2° Parfaire la transposition en droit interne des principes du Code mondial antidopage.

Un projet de loi de ratification est déposé devant le Parlement dans les trois mois suivant la publication de cette ordonnance.

M. le président. La parole est à M. Michel Savin, sur l’article.

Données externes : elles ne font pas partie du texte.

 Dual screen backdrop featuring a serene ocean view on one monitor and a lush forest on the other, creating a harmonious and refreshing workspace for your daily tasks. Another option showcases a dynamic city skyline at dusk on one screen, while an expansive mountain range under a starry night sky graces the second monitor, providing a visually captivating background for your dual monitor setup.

M. Michel Savin. Vendredi dernier, le Conseil constitutionnel a déclaré les pouvoirs disciplinaires de l’Agence française de lutte contre le dopage, l’AFLD, non conformes à la Constitution. Le Gouvernement a donc jusqu’au mois de septembre pour se mettre en règle. C’est l’objet de cet article.

Cependant, à nos yeux, une réflexion plus large sur l’AFLD devrait être lancée. Son laboratoire a été suspendu ces derniers mois, le rapprochement avec l’Institut des sciences du vivant de Saclay est en discussion et un projet important de relocalisation est en cours. Aujourd’hui, l’AFLD est installée dans des locaux quasiment insalubres.

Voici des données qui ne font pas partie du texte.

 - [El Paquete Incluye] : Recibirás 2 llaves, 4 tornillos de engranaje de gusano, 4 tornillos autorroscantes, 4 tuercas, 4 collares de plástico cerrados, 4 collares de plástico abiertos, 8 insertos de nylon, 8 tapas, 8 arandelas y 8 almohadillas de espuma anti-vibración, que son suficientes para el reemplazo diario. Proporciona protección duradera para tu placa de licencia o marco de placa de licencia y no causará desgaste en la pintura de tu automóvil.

Il est donc urgent de répondre à une attente forte s’agissant de ce qui faisait encore la fierté de notre pays en matière de lutte contre le dopage.

M. le président. L’amendement n° 17 rectifié bis, présenté par Mme Mélot, MM. Wattebled, de Belenet et les membres du groupe Les Indépendants - République et Territoires, est ainsi libellé :

Compléter cet article par un paragraphe ainsi rédigé :

… - Le Gouvernement remet au Parlement, au plus tard le 31 décembre 2018, un rapport sur les moyens de l’Agence française de lutte contre le dopage, évaluant notamment l’opportunité de conférer une partie des droits télévisuels des Jeux Olympiques et Paralympiques à l’agence.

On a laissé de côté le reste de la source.